- _Data shown_

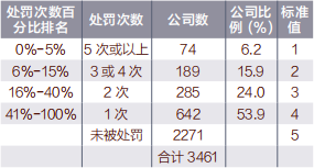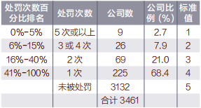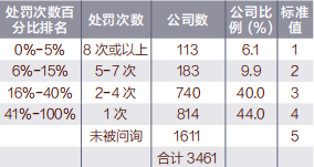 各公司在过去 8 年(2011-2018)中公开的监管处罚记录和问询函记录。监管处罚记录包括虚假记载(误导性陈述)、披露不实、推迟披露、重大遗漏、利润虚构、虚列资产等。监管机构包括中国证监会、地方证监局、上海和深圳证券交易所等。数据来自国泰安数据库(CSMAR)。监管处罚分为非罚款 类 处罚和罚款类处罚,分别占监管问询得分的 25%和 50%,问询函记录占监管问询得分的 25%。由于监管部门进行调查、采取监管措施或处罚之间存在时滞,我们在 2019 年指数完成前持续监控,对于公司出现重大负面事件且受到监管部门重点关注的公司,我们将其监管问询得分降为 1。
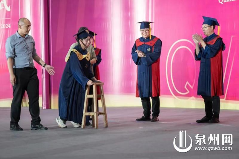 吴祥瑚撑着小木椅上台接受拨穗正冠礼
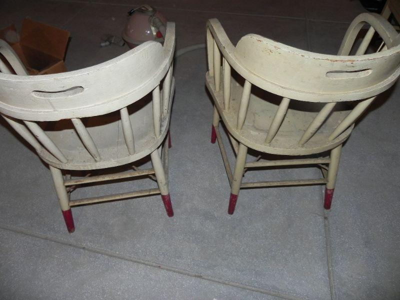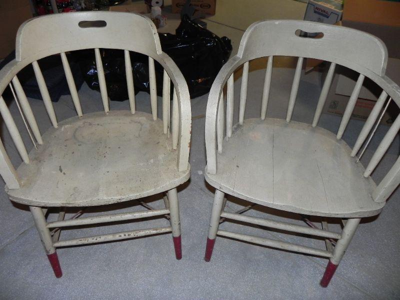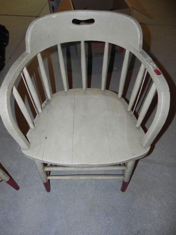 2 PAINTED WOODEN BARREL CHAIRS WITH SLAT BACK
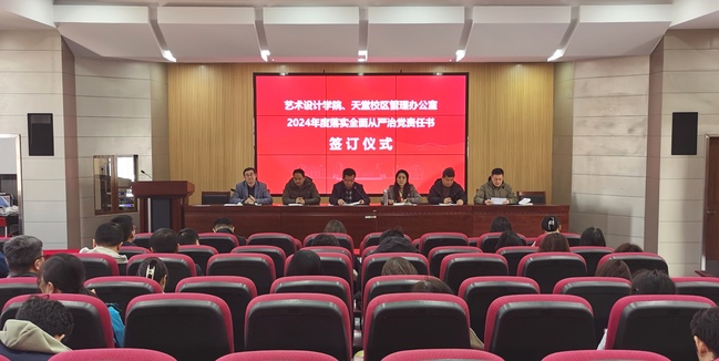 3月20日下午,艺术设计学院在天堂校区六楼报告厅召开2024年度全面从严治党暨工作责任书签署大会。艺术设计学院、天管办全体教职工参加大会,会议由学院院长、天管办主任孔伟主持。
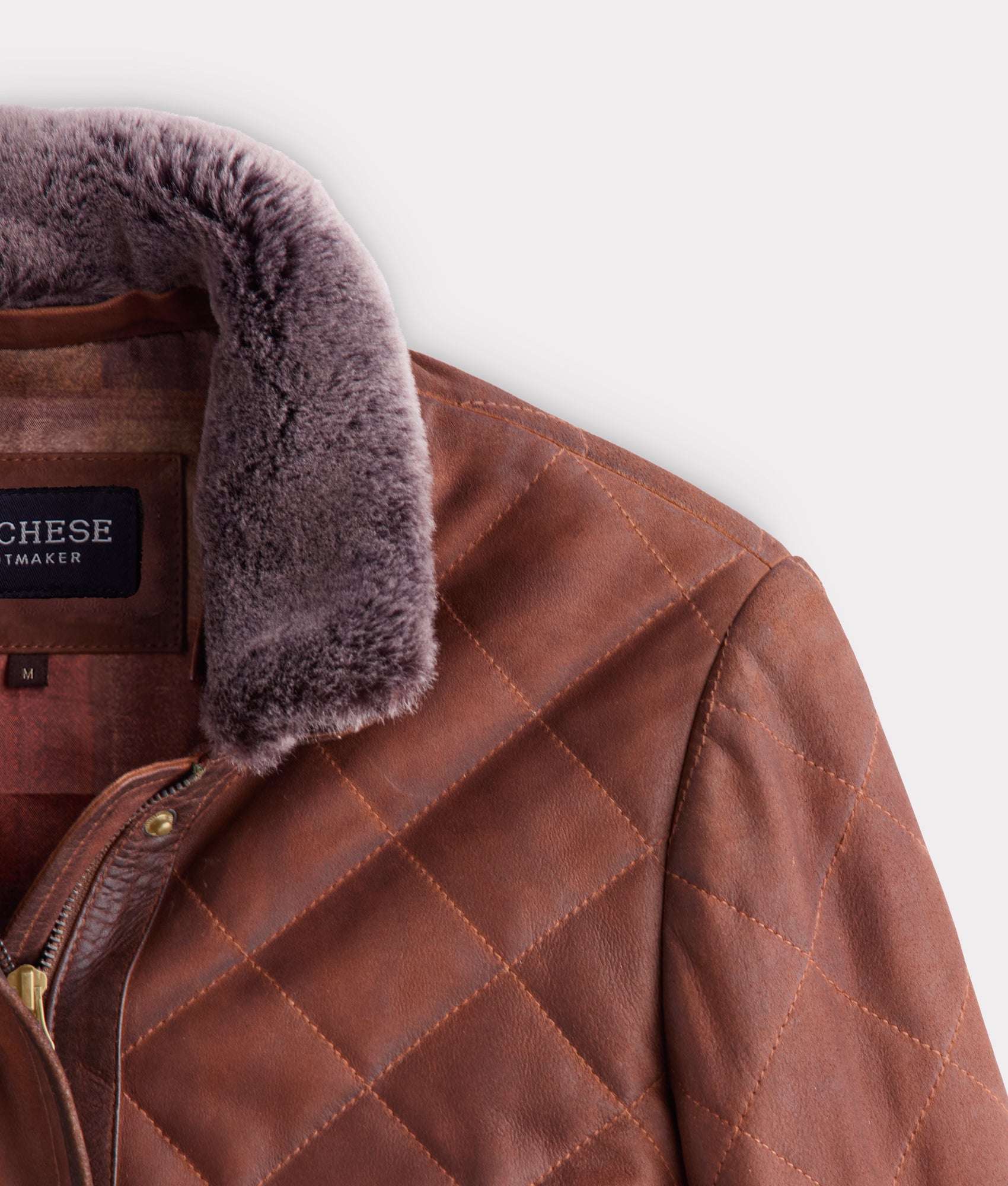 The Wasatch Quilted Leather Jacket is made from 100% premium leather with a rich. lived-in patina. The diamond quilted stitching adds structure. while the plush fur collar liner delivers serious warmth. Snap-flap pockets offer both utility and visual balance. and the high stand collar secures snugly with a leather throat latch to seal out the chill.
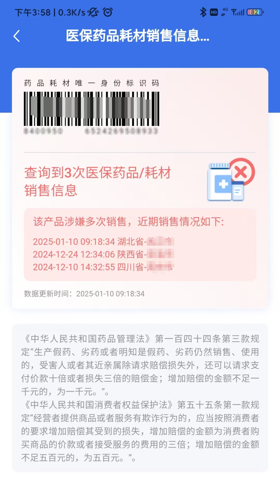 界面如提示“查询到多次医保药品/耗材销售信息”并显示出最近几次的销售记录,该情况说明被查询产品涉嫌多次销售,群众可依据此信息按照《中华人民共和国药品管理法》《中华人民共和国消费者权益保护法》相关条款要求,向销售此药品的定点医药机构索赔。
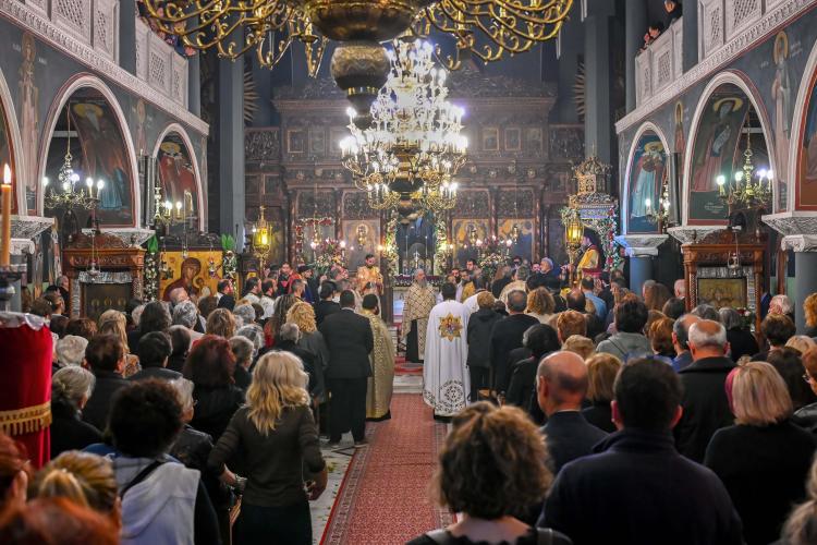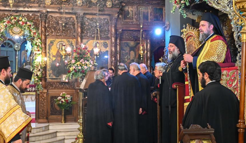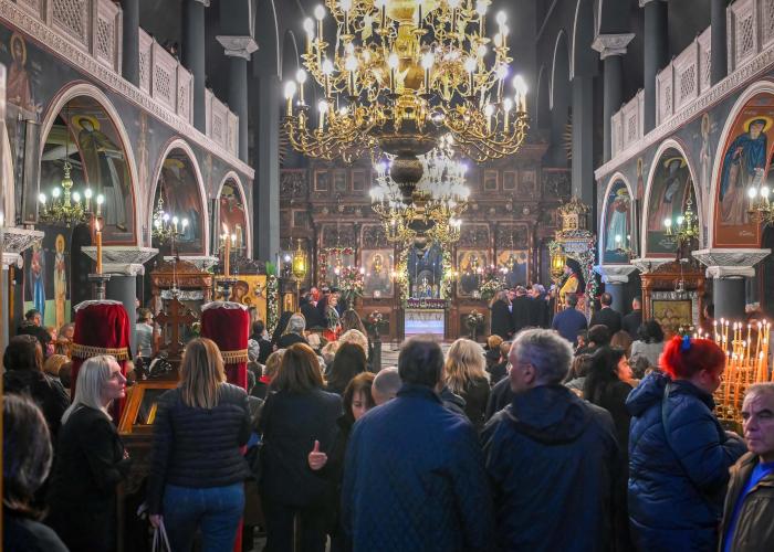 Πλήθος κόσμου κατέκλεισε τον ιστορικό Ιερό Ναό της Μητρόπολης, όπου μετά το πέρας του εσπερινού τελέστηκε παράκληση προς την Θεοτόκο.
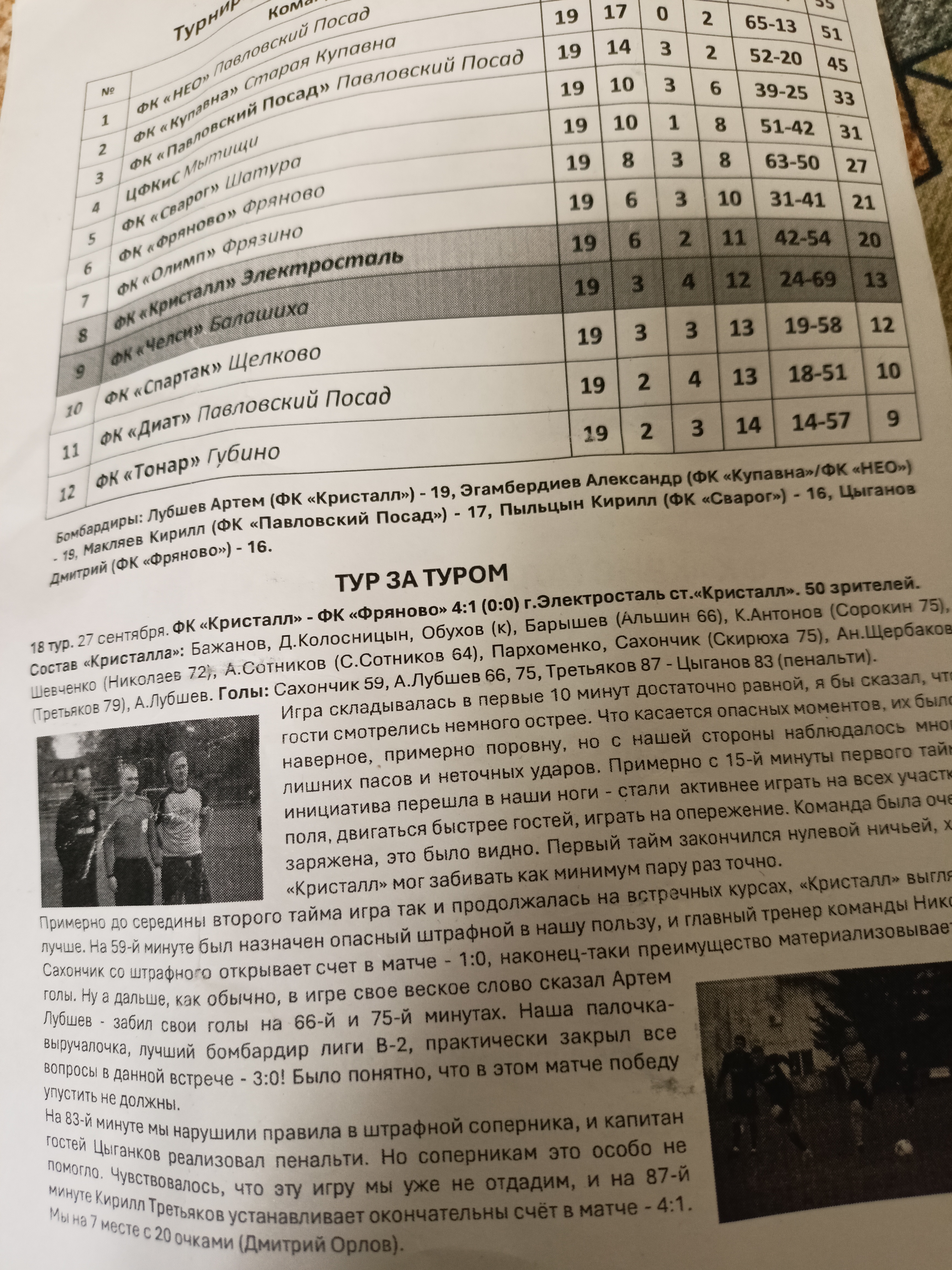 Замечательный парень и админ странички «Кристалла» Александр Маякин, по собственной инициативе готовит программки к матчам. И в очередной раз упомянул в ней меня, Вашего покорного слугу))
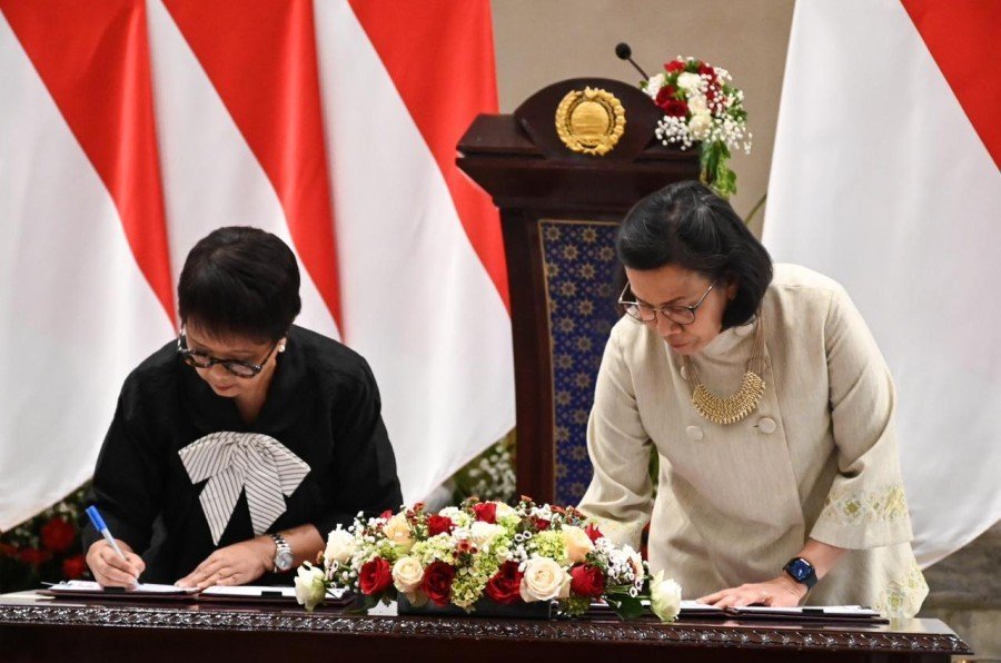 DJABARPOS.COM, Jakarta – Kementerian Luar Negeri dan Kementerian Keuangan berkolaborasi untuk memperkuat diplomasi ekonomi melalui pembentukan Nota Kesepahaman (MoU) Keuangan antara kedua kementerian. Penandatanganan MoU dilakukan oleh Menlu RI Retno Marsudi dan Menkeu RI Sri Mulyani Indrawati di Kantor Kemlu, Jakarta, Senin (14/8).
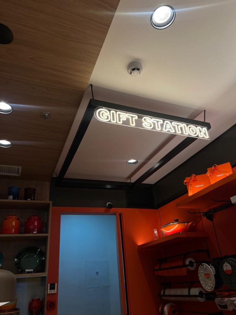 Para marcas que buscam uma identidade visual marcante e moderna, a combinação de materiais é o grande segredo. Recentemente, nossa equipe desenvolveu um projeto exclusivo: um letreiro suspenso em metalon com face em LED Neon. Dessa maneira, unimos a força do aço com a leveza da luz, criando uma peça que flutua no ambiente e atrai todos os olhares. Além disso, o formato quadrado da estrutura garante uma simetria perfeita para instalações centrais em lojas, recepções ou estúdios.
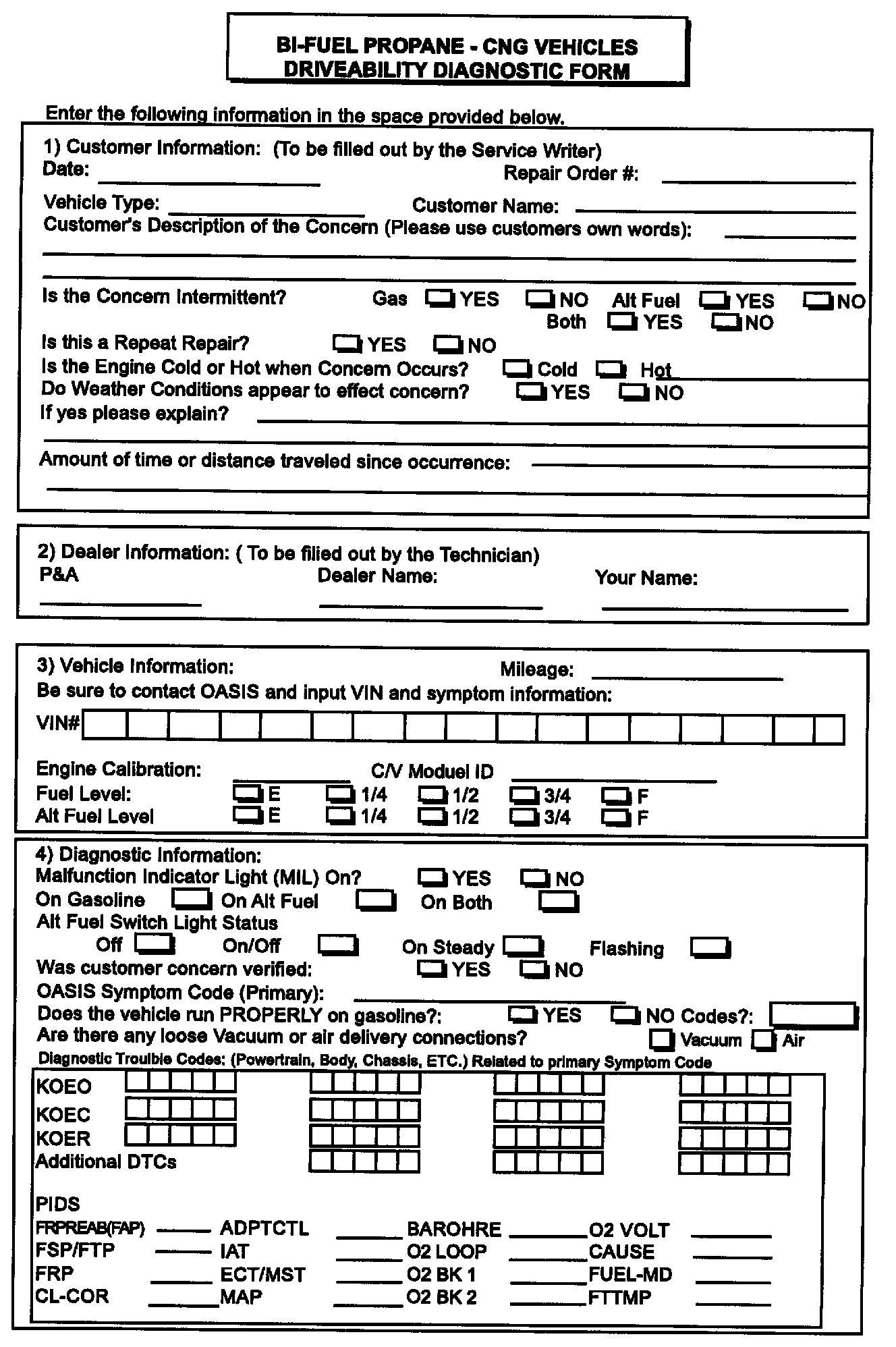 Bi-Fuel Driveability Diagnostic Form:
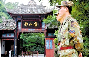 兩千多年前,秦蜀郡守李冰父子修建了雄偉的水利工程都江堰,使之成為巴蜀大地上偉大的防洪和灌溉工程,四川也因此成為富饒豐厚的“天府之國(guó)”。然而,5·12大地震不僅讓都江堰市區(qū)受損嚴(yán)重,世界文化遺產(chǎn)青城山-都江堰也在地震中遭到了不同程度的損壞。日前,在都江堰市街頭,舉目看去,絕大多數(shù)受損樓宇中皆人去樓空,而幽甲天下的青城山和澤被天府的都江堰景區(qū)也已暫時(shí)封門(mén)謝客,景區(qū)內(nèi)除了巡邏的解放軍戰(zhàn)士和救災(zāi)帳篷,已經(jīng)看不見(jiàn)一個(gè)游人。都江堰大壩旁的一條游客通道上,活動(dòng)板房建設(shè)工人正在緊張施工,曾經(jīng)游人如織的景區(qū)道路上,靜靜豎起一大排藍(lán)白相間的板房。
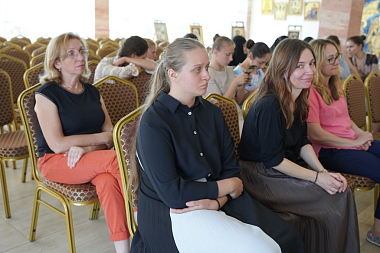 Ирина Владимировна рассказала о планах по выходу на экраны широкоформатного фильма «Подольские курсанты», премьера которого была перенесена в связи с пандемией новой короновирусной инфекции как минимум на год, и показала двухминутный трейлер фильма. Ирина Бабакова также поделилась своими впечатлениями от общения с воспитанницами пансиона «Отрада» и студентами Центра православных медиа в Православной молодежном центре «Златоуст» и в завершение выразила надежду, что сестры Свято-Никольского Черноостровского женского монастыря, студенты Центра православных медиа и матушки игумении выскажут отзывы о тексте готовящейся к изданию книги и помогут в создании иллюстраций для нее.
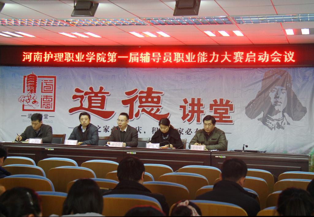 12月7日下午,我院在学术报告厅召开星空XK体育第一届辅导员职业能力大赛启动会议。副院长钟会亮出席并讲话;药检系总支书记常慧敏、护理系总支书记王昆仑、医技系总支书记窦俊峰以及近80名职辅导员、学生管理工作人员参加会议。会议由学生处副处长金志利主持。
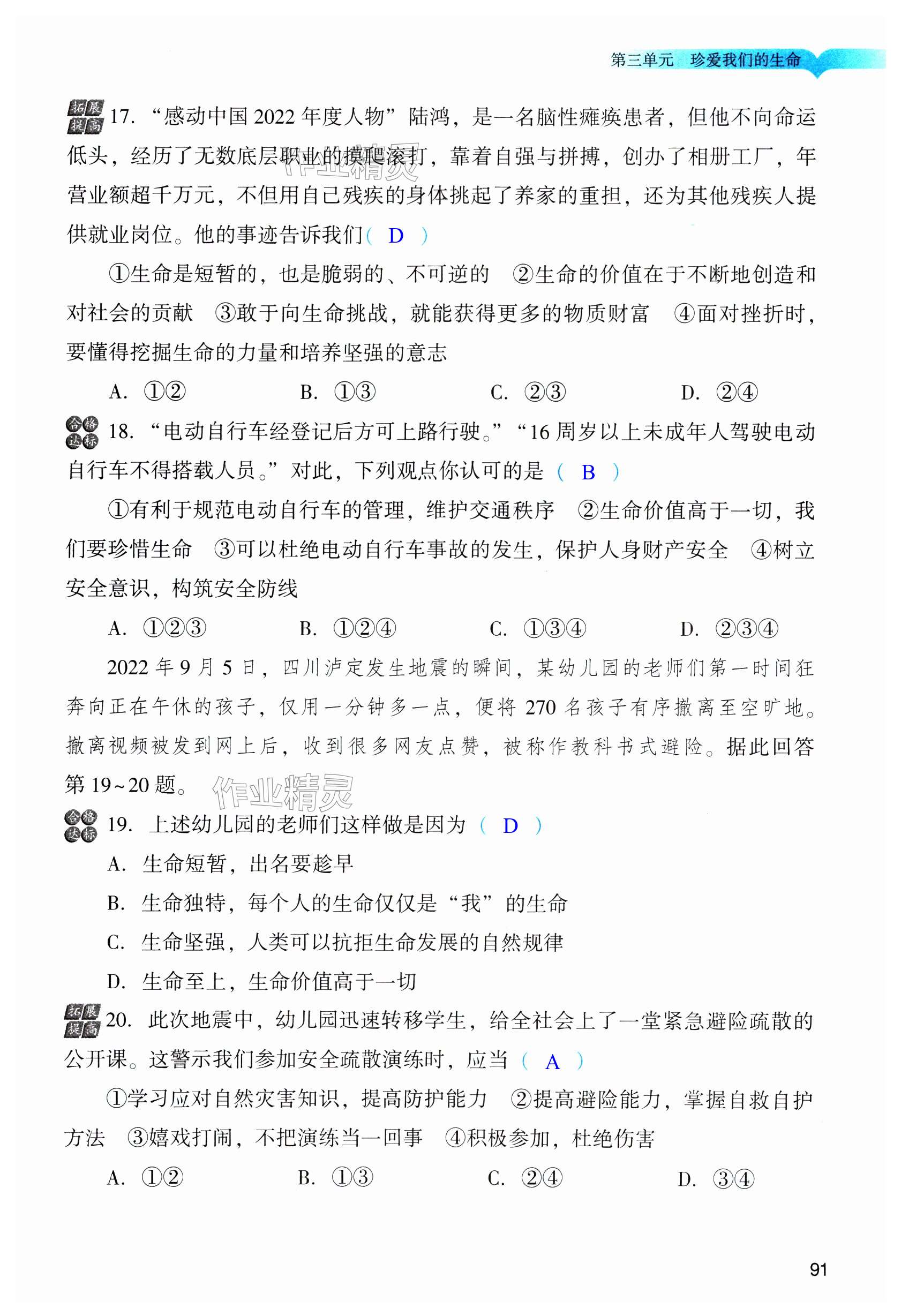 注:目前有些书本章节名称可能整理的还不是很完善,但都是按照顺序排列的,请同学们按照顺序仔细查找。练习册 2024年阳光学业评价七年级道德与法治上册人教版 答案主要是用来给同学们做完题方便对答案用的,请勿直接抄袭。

- _Required work_
In the data above, find the line containing "Bi-Fuel Driveability Diagnostic" and the line containing "兩千多年前,秦蜀郡守李冰父子". Copy exactly the stretch from the first through the second, both included, leaving out any picture.

- _Answer space_
 Bi-Fuel Driveability Diagnostic Form:
 兩千多年前,秦蜀郡守李冰父子修建了雄偉的水利工程都江堰,使之成為巴蜀大地上偉大的防洪和灌溉工程,四川也因此成為富饒豐厚的“天府之國(guó)”。然而,5·12大地震不僅讓都江堰市區(qū)受損嚴(yán)重,世界文化遺產(chǎn)青城山-都江堰也在地震中遭到了不同程度的損壞。日前,在都江堰市街頭,舉目看去,絕大多數(shù)受損樓宇中皆人去樓空,而幽甲天下的青城山和澤被天府的都江堰景區(qū)也已暫時(shí)封門(mén)謝客,景區(qū)內(nèi)除了巡邏的解放軍戰(zhàn)士和救災(zāi)帳篷,已經(jīng)看不見(jiàn)一個(gè)游人。都江堰大壩旁的一條游客通道上,活動(dòng)板房建設(shè)工人正在緊張施工,曾經(jīng)游人如織的景區(qū)道路上,靜靜豎起一大排藍(lán)白相間的板房。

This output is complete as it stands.